In 2007, Red magazine ran a feature on Amanda calling her one of their ‘Red Hot’ women. They commended her abilities as a tastemaker, consistently championing thought-provoking, entertaining and compelling’ reads. Harper's Bazaar highlighted her contributions to TV and publishing, naming her one of Britain's Most Influential Women. At the time of publication one in every four of the top 100 books sold in the UK were amongst Amanda Ross’ picks.

She was also a trustee of the children's charity Kidscape, and on the UK Advisory Board for the charity Room to Read. She is an ambassador for Wellbeing of Women, and also for the National Literacy Trust.

Over the years, Amanda has acted as a judge on many BAFTA TV panels, Royal Television Society panels and gets regular mentions on industry podcasts, such as ‘The Rest Is Entertainment’.

== Personal life ==
Amanda resides in London with her husband, Simon Ross (TV executive producer, co-founder of Cactus TV, brother of Jonathan Ross) and their two adopted sons.

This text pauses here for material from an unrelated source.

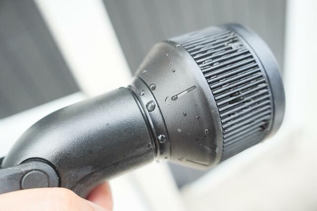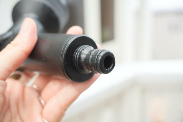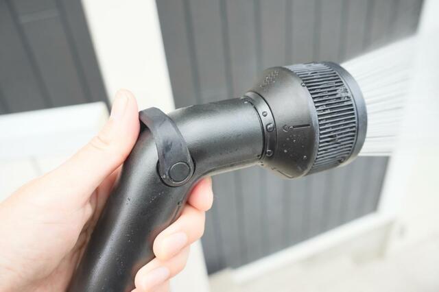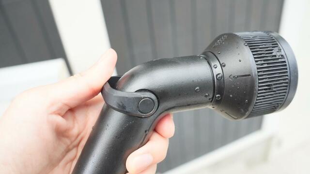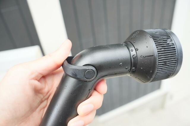 まずビックリしたのが、この持ち手の部分を押したり引いたりすることで散水できるということ。一般的な散水ノズルはスイッチを握ったり緩めたりすることが切り替えますが、この押し引きで操作するのが思った以上に便利でした。

From a young age, Amanda loved keeping pets including many rescue cats, even naming her first TV production company after her dog Cheeky in 1993. In 2007, her dogs became the first canines to be mentioned in Who's Who when Amanda was entered, the same year as Kate Moss.

Amanda first met Simon in the late 1980s when visiting her former colleagues on Crosswits at Tyne Tees Television. They introduced her to Simon, who had taken over Amanda's role as puzzle writer and unlike her, was really enjoying it. They went on to work together on a variety of shows for 6 months but only began dating when Amanda left to work on a travel show at Granada TV.  They got married in Northumberland in October 1990.

Having experienced professional success independent of one another and collaborated on a variety of projects, the pair started Cactus TV together in 1994. They attribute their successful working relationship to the fact they are interested in different aspects of the business and always respect and trust each other's knowledge and input on the way the company should be run.

Outside of their shared passion for producing television, Amanda and Simon enjoy taking on property renovation projects. In 2003, they purchased a property in Italy with a large olive grove. They renovated the property turning it into their dream home. Over time they also began producing small batches of their own olive oil that Amanda gifts to friends, chefs and special guests on Cactus TV productions. Theo Randall has used hundreds of litres in his restaurant. Yotam Ottalenghi is reported to have wanted to buy a batch of the olive oil for his delicatessen.

After a decade of undergoing fertility treatment, Amanda and Simon adopted two boys from the British care system in 2010. Amanda enjoys spending as much time as possible with her family, indulging her passions for cooking, eating, and entertaining.